Hello,

This may be relevant to some people. At the moment I use the Eigenvalue decomposition implemented in Eigen (or MKL ?GEES) but I just need to find the largest Eigenvalue. This can be done a lot more efficiently using the Power Method or Power Iteration method e.g.
http://www-stat.stanford.edu/~susan/cou ... ode40.html
http://en.wikipedia.org/wiki/Power_iteration

Is this supported in Eigen? otherwise it would be quite useful because often people just need the largest Eigenvalue and it is a waste to compute all just to get the largest. I am implementing it for my project but I think it perhaps would be a needed addition to Eigen.

Best regards,
Giovanni

Yes, at some point we should provide a reference and generic implementation in Eigen supporting both dense and sparse matrices.

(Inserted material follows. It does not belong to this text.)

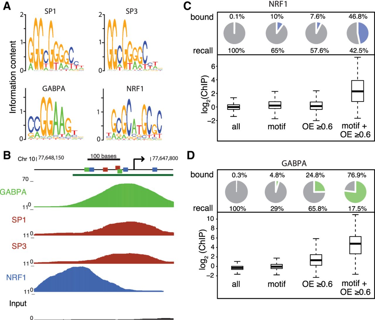 Bound TF motifs are enriched in CpG islands. (A) Position weight matrices of SP1, SP3, GABPA, and NRF1 as inferred from the respective ChIP-seq peaks. (B) Browser screenshot of SP1, SP3, GABPA, and NRF1 ChIP-seq data sets at the Pwp2 promoter. Predicted TF motifs for the respective factors are highlighted as colored squares; the green bar indicates a CpG island. (C) High CpG density and TF motif occurrence combined result in the largest enrichment of bound TF motifs. Pie charts show, for different subsets, the percentage of NRF1-bound genomic windows (600-nt tiling windows, log2 enrichment over input >2.5), with the percentage indicated above the pie chart (bound); (recall) percentage of all bound genomic windows that are part of each subset. Corresponding box plots of log2 ChIP enrichments are shown below the pie charts. (All) All windows, (motif) windows containing a motif that has a log-odds score ≥ 12 (log2 scale), (OE ≥ 0.6) windows with an OE ≥ 0.6, (motif + OE ≥ 0.6) windows with both a motif with a log-odds score ≥ 12 and an OE ≥ 0.6. (D) Same as in C for the first replicate of GABPA.

Here a reference implementation (ported to Eigen from http://www-stat.stanford.edu/~susan/cou ... ode40.html):

Code: Select all

// Power Method to approximate the largest Eigenvalue
double computeLargestEigenvalue(const MatrixXd& A) {
   double dd = 1.0;
   VectorXd x = VectorXd::Random(A.rows()).transpose();
   double lambda = 10.0;
   const double kEpsilon = 1e-1;
   VectorXd y;
   while (dd > kEpsilon) {
      y = A*x;
      dd = abs(x.norm() - lambda);
      lambda = x.norm();
      x = y / lambda;
   }
   // lambda contains the largest Eigenvalue while x the corresponding Eigenvector
   return lambda;
}

yes, there were some other starts there: viewtopic.php?f=74&t=108033#p251878

Hi There,
I only need the left eigenvector corresponding the largest eigenvalue of some matrix like 10*10. Is there any fast approach to reach it?

Thanks,